What is expected:
Your task is to restate word for word the lines in the material below, from the one with "锰酸锂11月产量达12505" up to and including the one with "微電極測量系統(tǒng)具". Do not carry over the pictures.

Supplied entries:

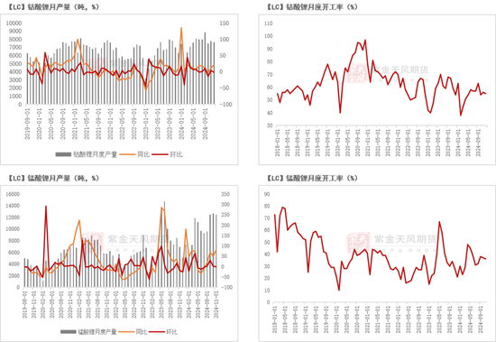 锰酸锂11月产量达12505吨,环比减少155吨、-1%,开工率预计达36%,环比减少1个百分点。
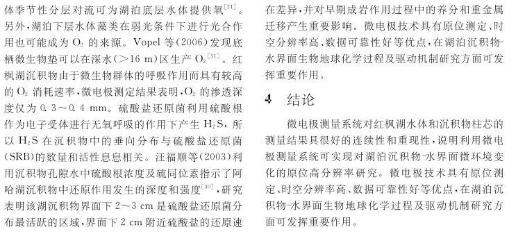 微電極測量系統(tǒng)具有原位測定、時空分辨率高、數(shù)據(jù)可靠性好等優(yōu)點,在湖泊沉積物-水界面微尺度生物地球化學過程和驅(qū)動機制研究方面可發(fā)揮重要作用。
---
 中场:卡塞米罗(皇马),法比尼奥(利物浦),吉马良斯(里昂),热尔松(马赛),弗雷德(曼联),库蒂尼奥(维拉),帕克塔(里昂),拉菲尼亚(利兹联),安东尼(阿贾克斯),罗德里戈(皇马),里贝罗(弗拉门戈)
...
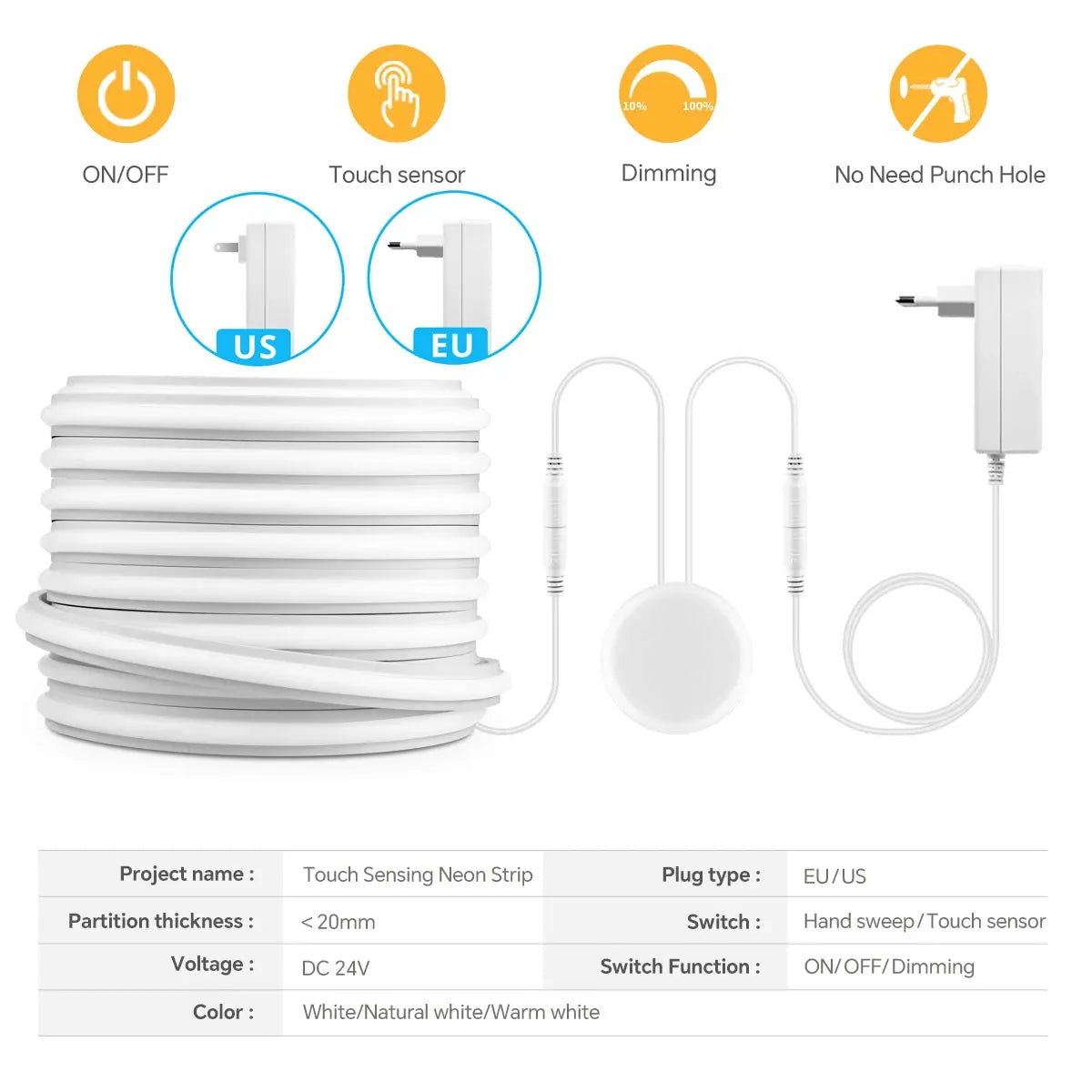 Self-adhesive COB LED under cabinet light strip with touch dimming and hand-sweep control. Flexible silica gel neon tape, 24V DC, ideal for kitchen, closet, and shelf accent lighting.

Result below:
 锰酸锂11月产量达12505吨,环比减少155吨、-1%,开工率预计达36%,环比减少1个百分点。
 微電極測量系統(tǒng)具有原位測定、時空分辨率高、數(shù)據(jù)可靠性好等優(yōu)點,在湖泊沉積物-水界面微尺度生物地球化學過程和驅(qū)動機制研究方面可發(fā)揮重要作用。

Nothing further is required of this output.